The “Free Rider” principle is that the benefits of a policy must be forcibly extended to everyone in order to mandate that they help fund the entitlement. There is no natural limit to such an expansion. If your wages can be said to have risen because unions negotiated a new contract, then you can be compelled to pay the union. If you aren’t buying health insurance, then you must be getting it for free. If you aren’t part of the system, then there will be a mandate that will make you part of it.
“Free Riders” is a polite version of the Soviet Union’s “Parasites”. The concept is the same. In a system where benefits are extended to everyone, everyone is obligated to the system. The new Crown is not a person, it is an idea. The throne at whose foot a formerly free people kneel is the golden seat of the welfare state. While the fireworks light up the sky, a counterrevolution undid the revolution. There is a new king and his face is on every magazine cover in the land. His bounty is a jagged bear trap that turns everyone into a ward of the state at their own expense.

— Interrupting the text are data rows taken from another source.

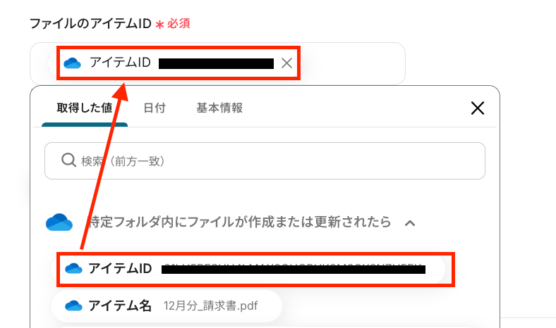 2.ファイルのアイテムID OneDriveからダウンロードするファイルを指定します。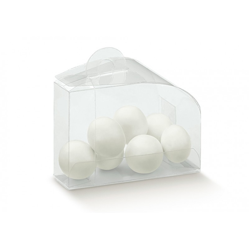 Przezroczyste pudełko PVC w kształcie Dolcetto. Doskonałe na praliny, słodycze i wypieki.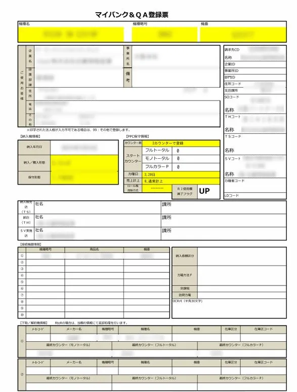 ▲マシン手配アプリからジャンプした先の登録票作成アプリ。マシン手配アプリで登録した内容に一部追記をし、登録票を出力する

As the last wave of fireworks die out, the shooting stars sinking to earth and vanishing into the darkness, the light of Independence Day fades and the crowds slowly trudge away from the brief spectacle, past the lines of police barricades, through narrow streets, past government buildings, back to their co-dependent lives in a co-dependent nation where the will of the people and the rights of the individual matter less than the latest proposal to solve the problems of their independence by making the country a more dependent place.

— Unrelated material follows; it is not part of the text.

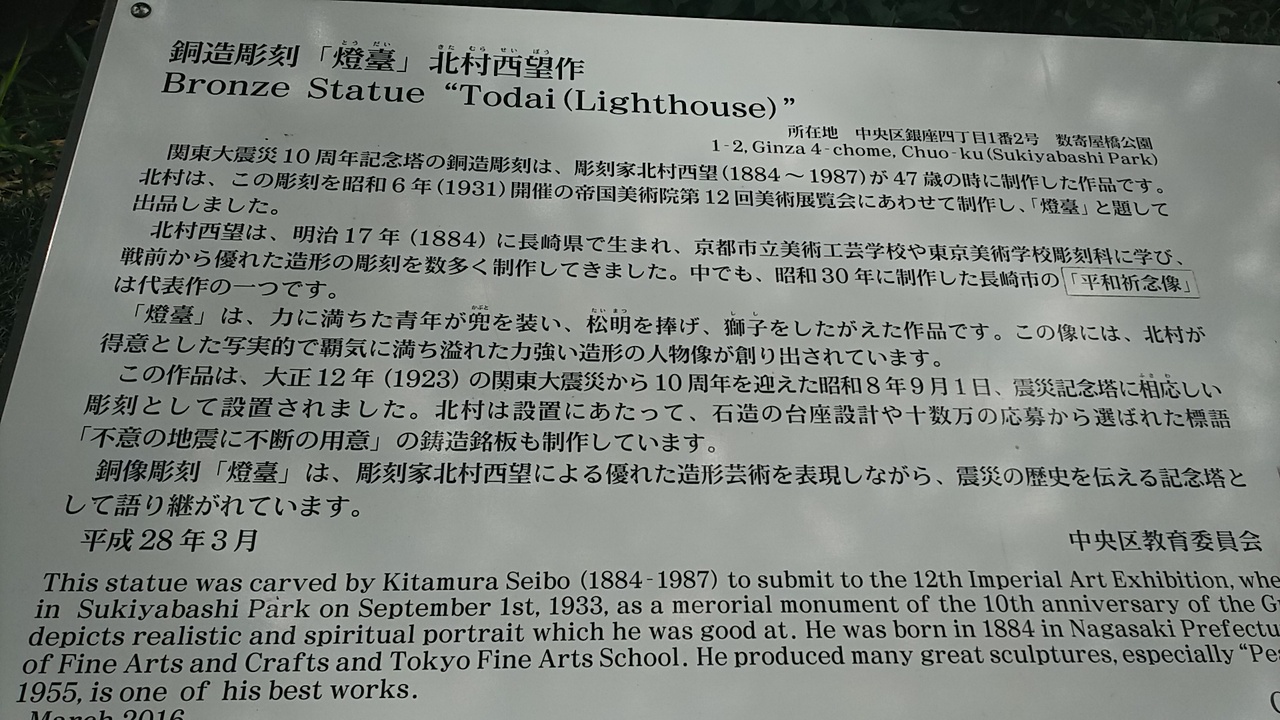 実は何十回何百回もここを通り、喫煙所(以前はここで煙草が吸えたのですが・・・)で家人と待合せしているのに、関東大震災10周年記念碑があることを今朝まで知らなかったのですρ(・・、) あぁ恥ずかしい!

A few hundred years ago in these streets, men and women celebrated the end of tyranny, and in its darkest hour, lines of grim men marched along the waterfront up to the highest point on the island to mount a final defense. Sometimes the older buildings still wear their shadows on their brick walls and by the golden light of the fireworks you can almost see them, shadows moving in the darkness, their footsteps taking them north, a faint song on their lips, muskets in their hands, their lives lost and gained in defense of their freedom.